• _Exercise description_
Leaving the pictures aside, repeat every line below exactly.

• _Data block_
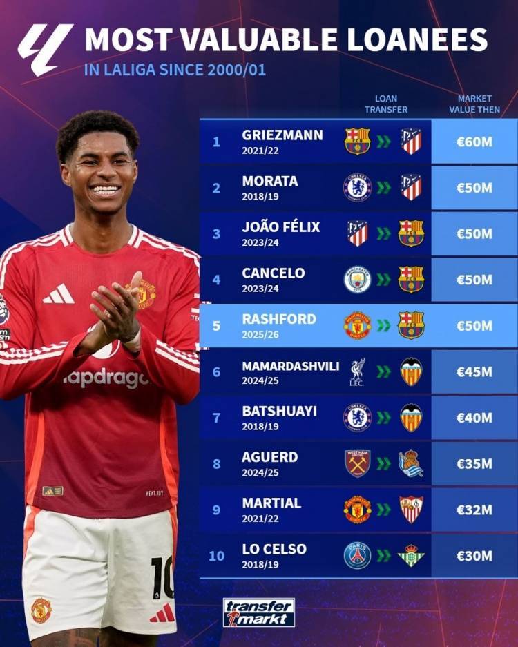 直播吧7月24日讯 德国转会市场统计了本世纪以来租借加盟西甲俱乐部球员的身价,并列出榜单,格列兹曼6000万欧居首,拉什福德5000万欧排名并列第2位。
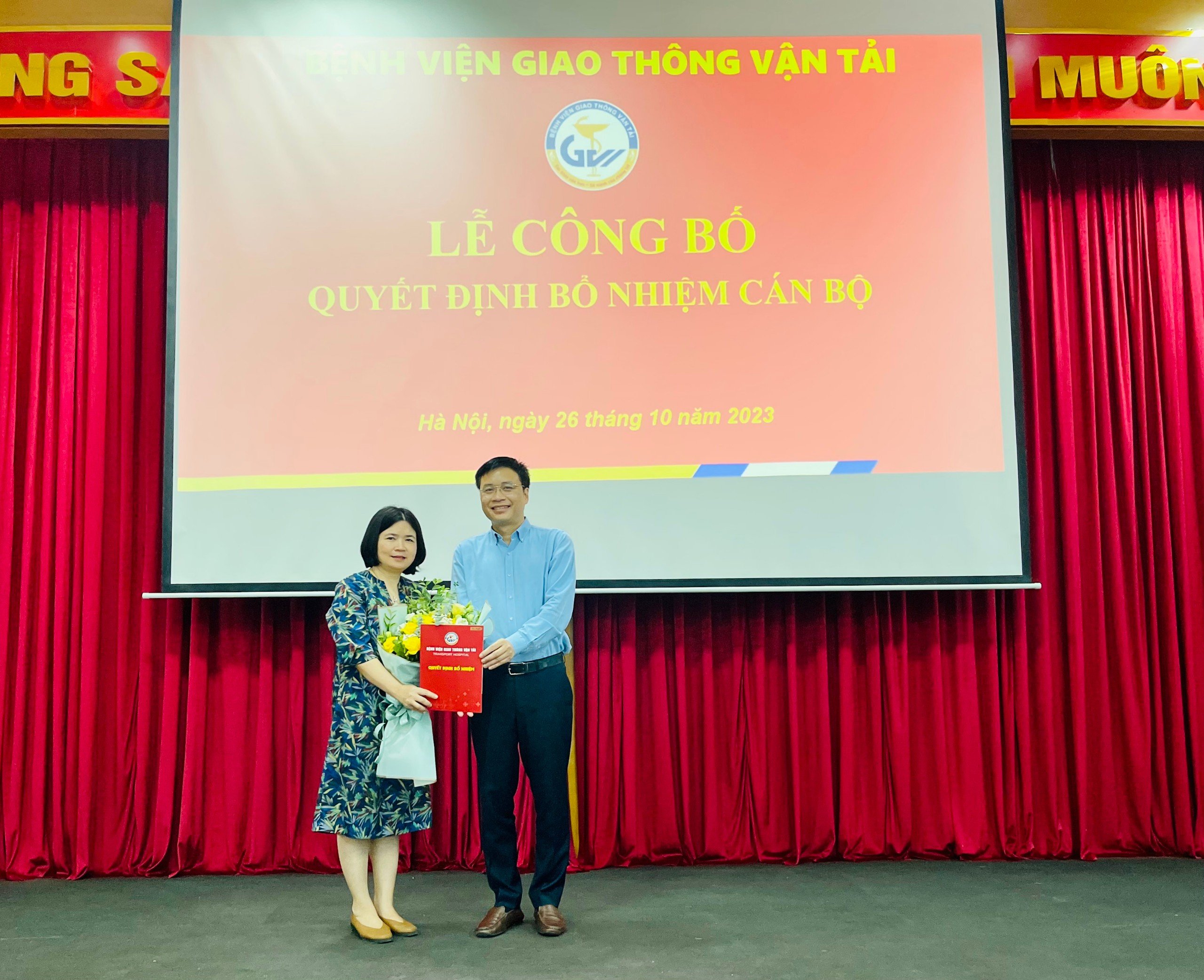 Ban Tổng giám đốc Bệnh viện trao quyết định bổ nhiệm lại cho ThS.BS Phùng Đức Thúy và CN Phạm Thị Hân.
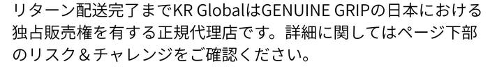 皆様こんにちは、実行者のKR Globalです。私達は海外のモノづくりとそこで頑張る人達を応援し、その世界で躍動するエネルギーを日本の皆様に伝える事業者です。この度は「GENUINE GRIP Genefit-Xハンズフリー」に興味をお持ち頂き有難うございました。
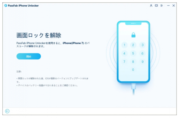 Step1:PassFab iPhone Unlockをパソコンにダウンロードして起動し、「解除開始」をクリックします。

• _Task result_
 直播吧7月24日讯 德国转会市场统计了本世纪以来租借加盟西甲俱乐部球员的身价,并列出榜单,格列兹曼6000万欧居首,拉什福德5000万欧排名并列第2位。
 Ban Tổng giám đốc Bệnh viện trao quyết định bổ nhiệm lại cho ThS.BS Phùng Đức Thúy và CN Phạm Thị Hân.
 皆様こんにちは、実行者のKR Globalです。私達は海外のモノづくりとそこで頑張る人達を応援し、その世界で躍動するエネルギーを日本の皆様に伝える事業者です。この度は「GENUINE GRIP Genefit-Xハンズフリー」に興味をお持ち頂き有難うございました。
 Step1:PassFab iPhone Unlockをパソコンにダウンロードして起動し、「解除開始」をクリックします。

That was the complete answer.